[Data for processing]
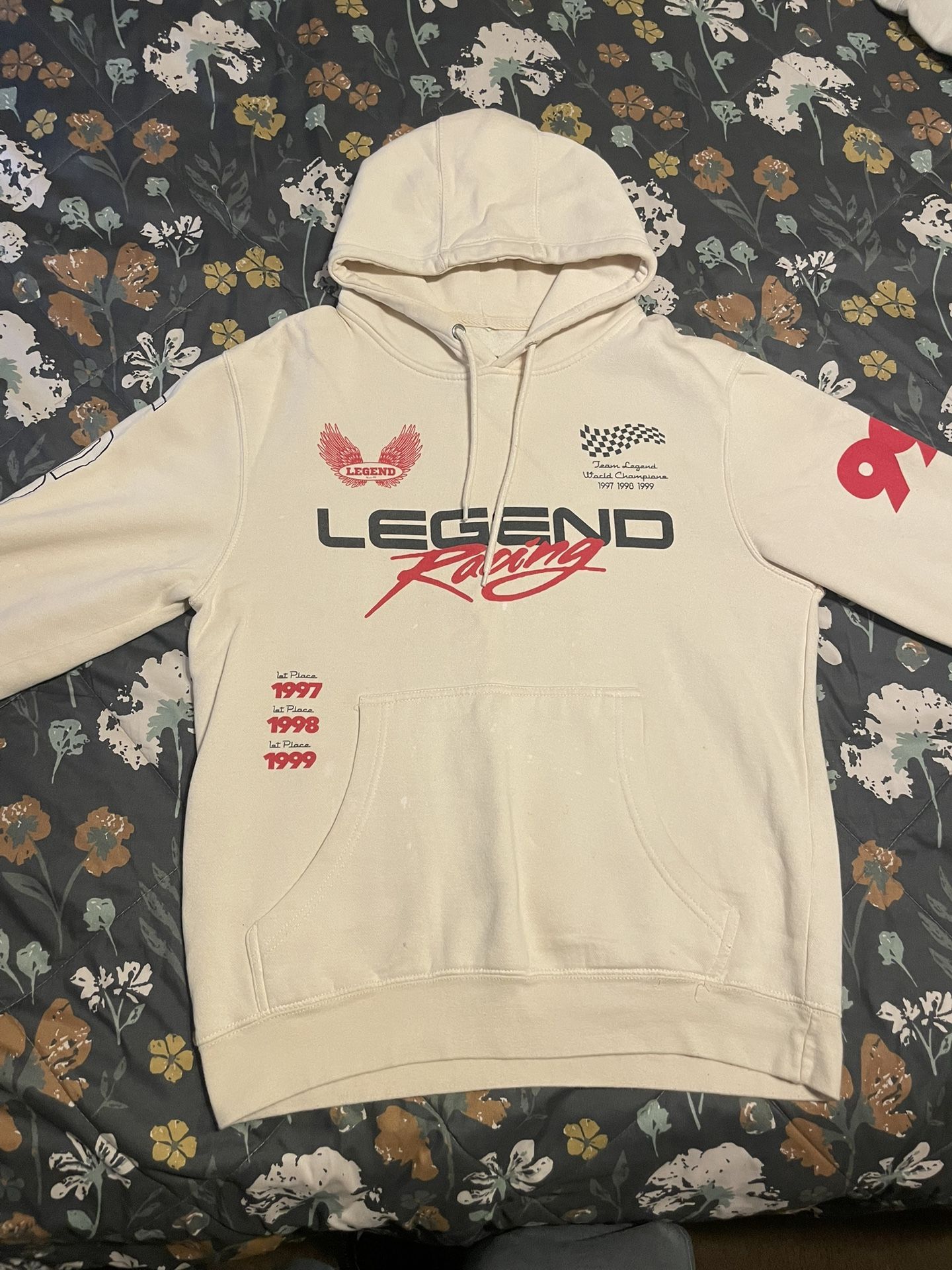 in good shape size M has a small stain on the right side oh the arm sleeve
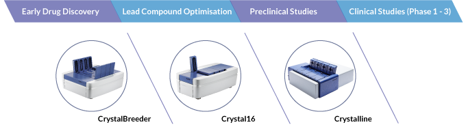 Crystallization research plays an important role in the drug development process as majority of the therapeutic drugs exhibits in multiple polymorph forms and technically each polymorph possess different physical properties. Differences in physical properties (e.g. solubility, hygroscopicity, melting point) would then affect other important properties such as product bioavailability and stability. Pharmaceutical companies worldwide are now trying to gain their competitiveness by stepping in the crystallization research much earlier in the drug development cycle, thus to avoid unexpected crystal form related issues and delays at later stages. This also means crystal form information required during patent application could be obtained much earlier and eventually product launch could also be accelerated.
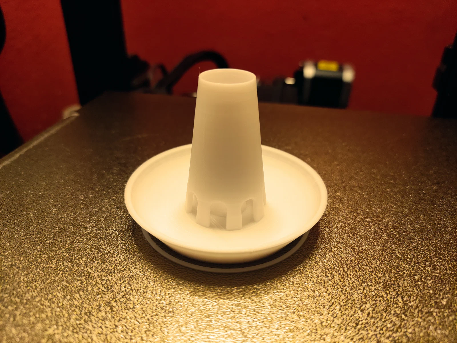 ENG: giúp tránh làm bật tung cây, nền (substrate), đồ trang trí… khi xả nước vào hồ. Ở scale gốc thì sẽ vừa ống có đường kính NGOÀI 15mm (~0.6 inch). Để tìm đúng hệ số scale, mình có thêm một model test. Bạn scale lên/xuống tới khi nó ôm sát ống, rồi in model đầy đủ với cùng hệ số scale và infill 100%.
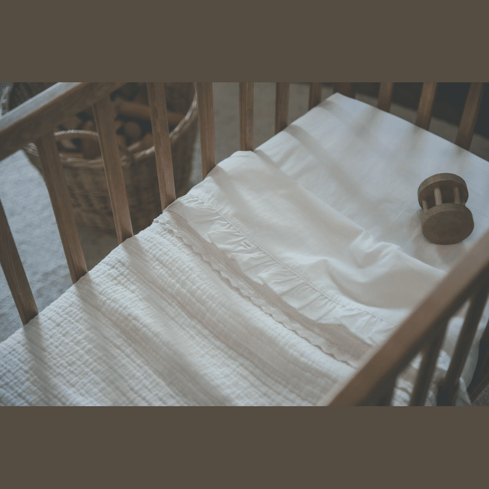 Gepersonaliseerde wiegdekentje of ledikantdekentje met borduur van Koeka.
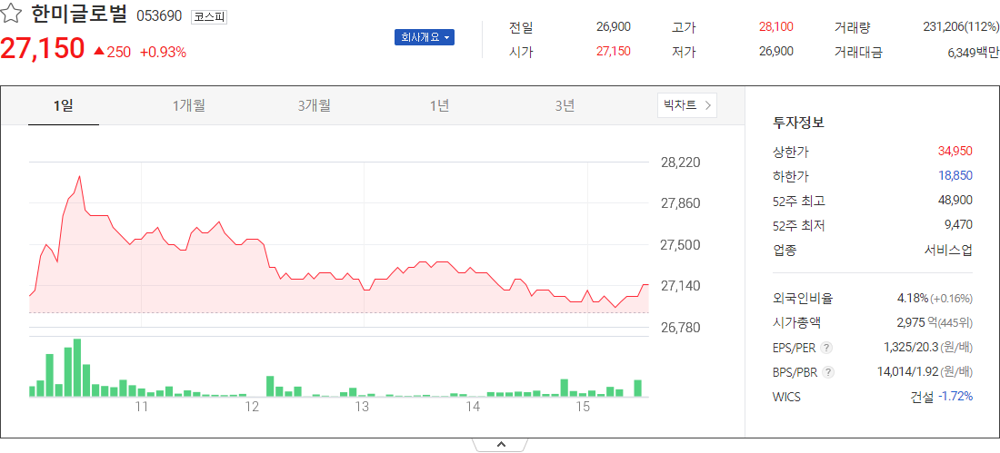 한미글로벌 (서비스업 관련 주식)
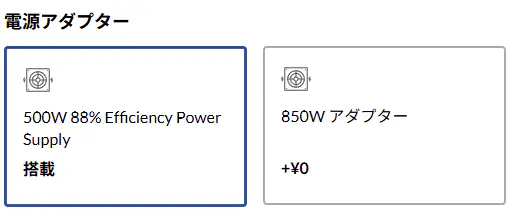 RTX 5060 Ti(16GB)搭載モデルに限り、電源ユニットを500 W ➡ 850 W(80 PLUS GOLD相当)に無料でアップグレード可能
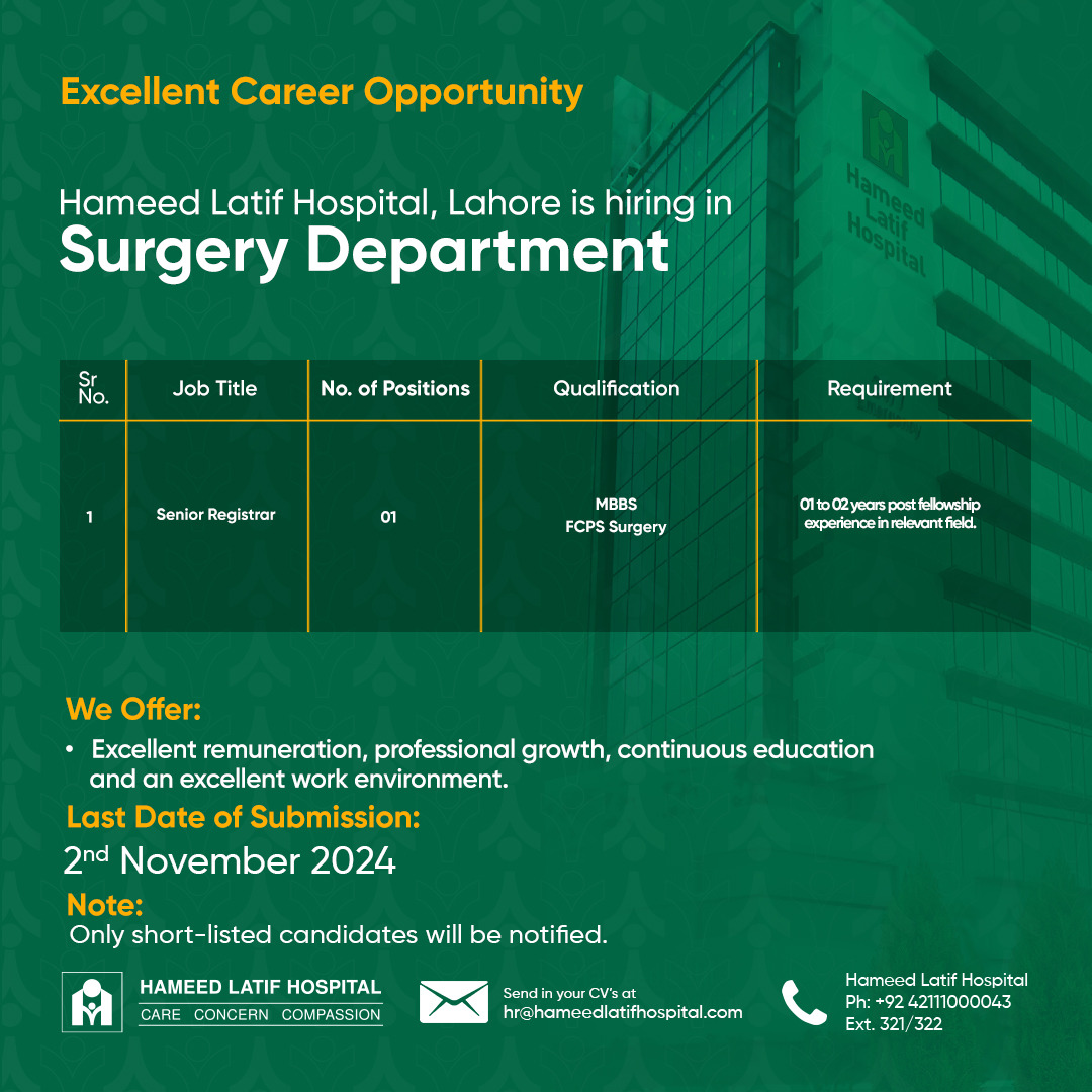 Senior Registrar | 24-10-2024 | 02-11-2024 | ||
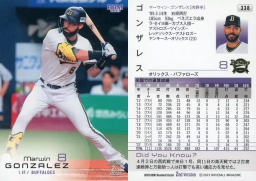 Nombre comercial en japonés: BBM/レギュラーカード/1stバージョンアップデート版/BBM2023 ベースボールカード 2ndバージョン 338[レギュラーカード]:ゴンザレス
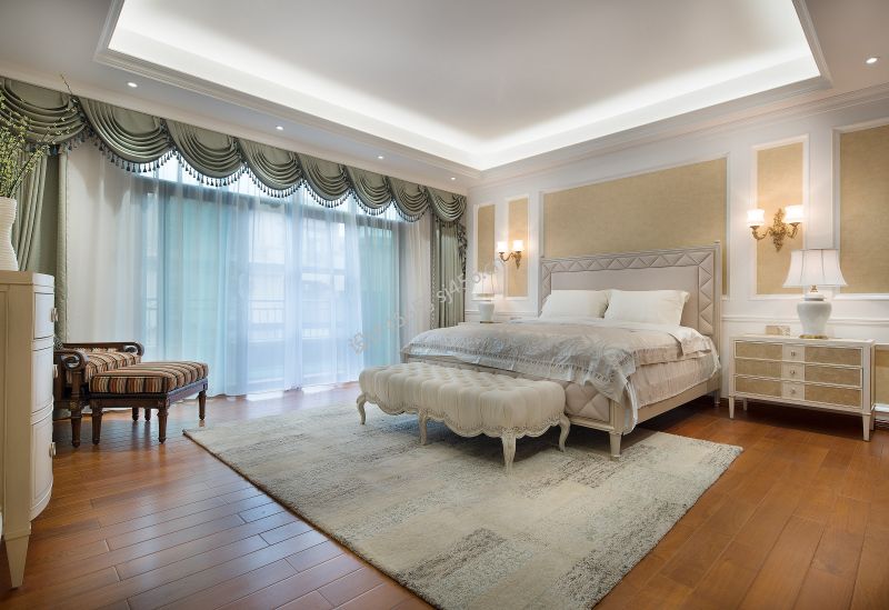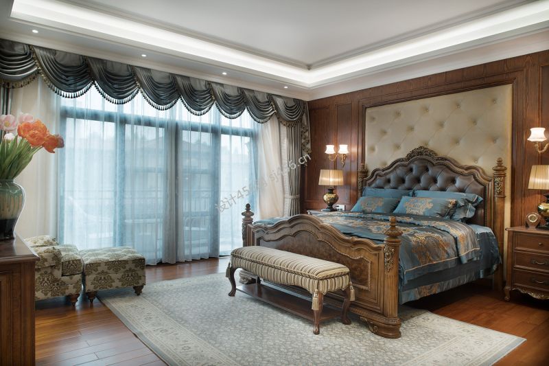 美式风格255平米别墅卧室床头家装效果图
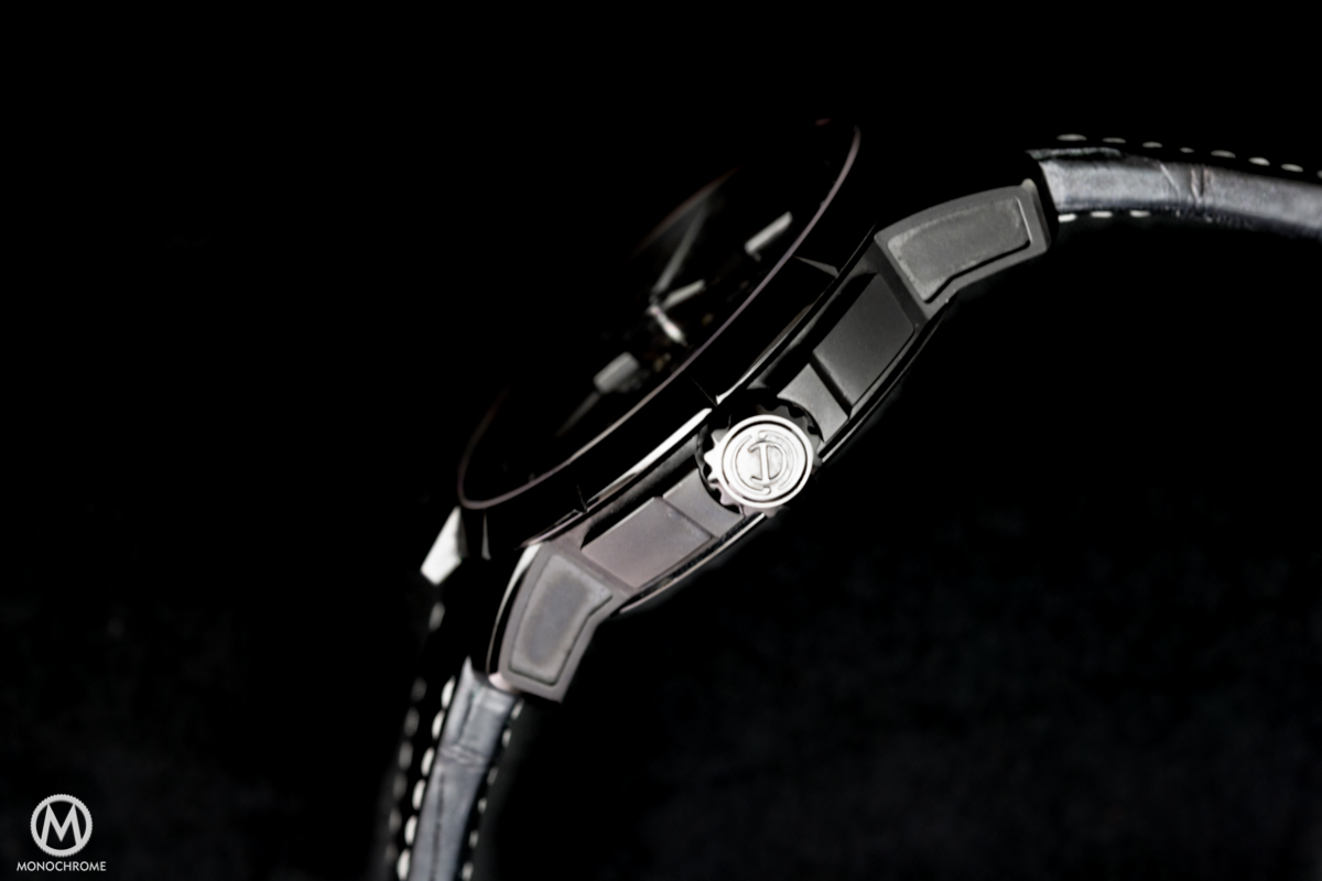The strap is made of black alligator leather. Its thickness matches the size of the watch. Rather than being artificially thickened, the leather feels sturdy yet soft. The white stitching gives a nice touch. This is clearly one of the best straps we have seen. The watch comes with an ardillon buckle in stainless steel with a PVD black coating or a double-folding clasp in black PVD stainless steel.
[/Data for processing]
■ **Exercise requirements**: None of the pictures should appear; repeat the records exactly otherwise.

■ **Problem solution**:
 in good shape size M has a small stain on the right side oh the arm sleeve
 Crystallization research plays an important role in the drug development process as majority of the therapeutic drugs exhibits in multiple polymorph forms and technically each polymorph possess different physical properties. Differences in physical properties (e.g. solubility, hygroscopicity, melting point) would then affect other important properties such as product bioavailability and stability. Pharmaceutical companies worldwide are now trying to gain their competitiveness by stepping in the crystallization research much earlier in the drug development cycle, thus to avoid unexpected crystal form related issues and delays at later stages. This also means crystal form information required during patent application could be obtained much earlier and eventually product launch could also be accelerated.
 ENG: giúp tránh làm bật tung cây, nền (substrate), đồ trang trí… khi xả nước vào hồ. Ở scale gốc thì sẽ vừa ống có đường kính NGOÀI 15mm (~0.6 inch). Để tìm đúng hệ số scale, mình có thêm một model test. Bạn scale lên/xuống tới khi nó ôm sát ống, rồi in model đầy đủ với cùng hệ số scale và infill 100%.
 Gepersonaliseerde wiegdekentje of ledikantdekentje met borduur van Koeka.
 한미글로벌 (서비스업 관련 주식)
 RTX 5060 Ti(16GB)搭載モデルに限り、電源ユニットを500 W ➡ 850 W(80 PLUS GOLD相当)に無料でアップグレード可能
 Senior Registrar | 24-10-2024 | 02-11-2024 | ||
 Nombre comercial en japonés: BBM/レギュラーカード/1stバージョンアップデート版/BBM2023 ベースボールカード 2ndバージョン 338[レギュラーカード]:ゴンザレス
 美式风格255平米别墅卧室床头家装效果图
The strap is made of black alligator leather. Its thickness matches the size of the watch. Rather than being artificially thickened, the leather feels sturdy yet soft. The white stitching gives a nice touch. This is clearly one of the best straps we have seen. The watch comes with an ardillon buckle in stainless steel with a PVD black coating or a double-folding clasp in black PVD stainless steel.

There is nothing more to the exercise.